People are still practicing urine therapy as part of their homeopathic treatment for any disease out there. What they forget is that urine contains byproducts our body rejects since they are not useful. Forcing these elements back into the body is strange to say the least. While most of the weird and dangerous ancient health practices stayed in the past where they belong, this one still thrives.
Electric Shock Therapy
Problems in bed? Zap your genitals! In the end of the 19th century people believed that electricity could give human bodies the energy they lack. So, when a man had a problem getting an erection, a doctor would recommend electric shock therapy. The weak body parts were supposed to be “shocked” back into life with the help of gently applied electrical currents.
In the middle of 19th century some physicians offered men special galvanic baths. A bathtub with electrodes attached was filled with water. Such treatment was supposed to work wonders in just six sessions. Other doctors offered local electric baths where just the sexual organs were submerged in water. Surprisingly enough, electric shock is still being experimented with nowadays as a cure for erection problems.

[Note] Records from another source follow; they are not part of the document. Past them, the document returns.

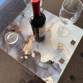 Material Premium: Vidro temperado com acabamento marmorizado, que confere sofisticação e durabilidade. Puxadores em Metal: Práticos e com um toque de requinte. Pés de Silicone Antiderrapante: Estabilidade e segurança em qualquer superfície. Design Sofisticado: Cantos arredondados para um visual moderno e delicado. Dimensões: Largura 40cm x Comprimento 45cm x Espessura 6mm.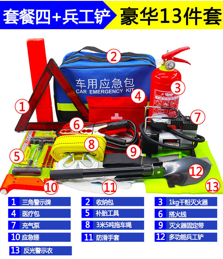 Набор огнетушителей транспортного средства, автомобиль аварийного пакета для многопрофессионального инструмента для спасения аварийного пакета.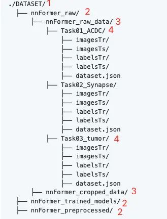 注意:下载的数据有一个dataset.json,这个里面的训练集和测试集同nnFormer不一样。你可以按照现在的划分进行下一步,但是这个测试集里的数据没有ground truth, 在做测试的时候就无法求dice. 如果你想要知道测试集的性能,就按照nnFormer的dataset.json重新划分imagesTr, imagesTs, labelsTr, labelsTs. nnFormer是把训练集再次划分为训练集和测试集,因此他的测试集才有ground truth。(啰嗦这么多,不知道讲清楚么😂)

Another popular way to fight erectile dysfunction was to wear an electric belt specifically designed to send a shock wave to the genitals. Applying electrical currents directly to the sexual organs led to many unfortunate consequences and often had the opposite effect.
Tobacco Smoke Enema
Tobacco is bad for your health, right? Ancient doctors thought otherwise. As soon as tobacco became widely known in the western world, doctors proclaimed it to be a useful medicine and initiated another one of the weird and dangerous ancient health practices. To treat gut problems, smoke was blown into the patient’s rectum with an enema. Other sicknesses treated by tobacco smoke included headaches, coughs, colds, and chronic fatigue.

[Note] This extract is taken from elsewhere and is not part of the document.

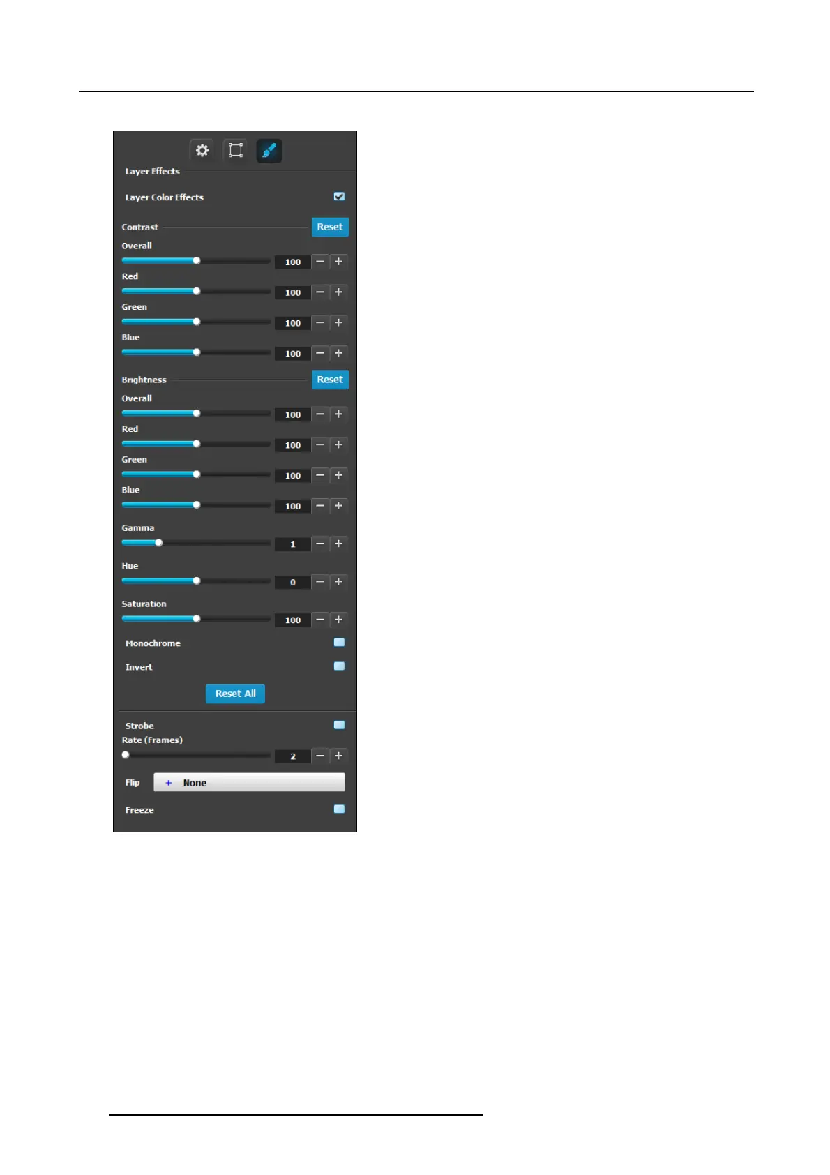 • Reset All: Returns all va lues to their default settings.

American Indians were the first ones to use tobacco smoke in an enema. Doctors also believed that by pushing the tobacco smoke into a person’s rectum they could heal respiratory problems. Tobacco smoke enemas were used to try to resuscitate victims of drowning. In the early 19th century these enemas were “successfully” used to treat symptoms of cholera. The jig was up in the middle of 19th century, though, when Benjamin Brodie proved that nicotine is poisonous and stops blood circulation in animals.
Hemorrhoids are a common problem many people experienced in the past and still do today. The patients from the old days would be very jealous of the medicine we have now because ancient doctors treated hemorrhoids with hot irons. At first a small incision was made to drain some “extra” blood, and then the wound was cauterized by applying a hot iron. Since there were no painkillers back then, it’s easy to imagine the terrible pain people had to endure to fight this common condition.
In ancient times doctors considered menstruation as a way to clear a woman’s body of evil things. They went further to theorize that bloodletting could help both men and women get rid of sicknesses. Bloodletting was a very common way to deal with all types of problems, from stomach flues to acne. You didn’t even have to call a doctor to do the procedure. It was done at your nearby barber shop. This was the most common weird and dangerous health practice that disappeared by the end of the 19th century.
Malaria for Syphilis
Malaria is a terrible disease that used to kill millions of people every year. People all over the world are trying to deal with the problem. In the early 19th century it turned out that one of the side effects malaria had was killing syphilis. Syphilis doesn’t sound as scary as malaria but it kills 100 percent of patients if it reaches the brain. The fever caused by malaria creates very high temperatures that kill the syphilis bacteria. So, if you were lucky enough to survive malaria, you’d be syphilis-free.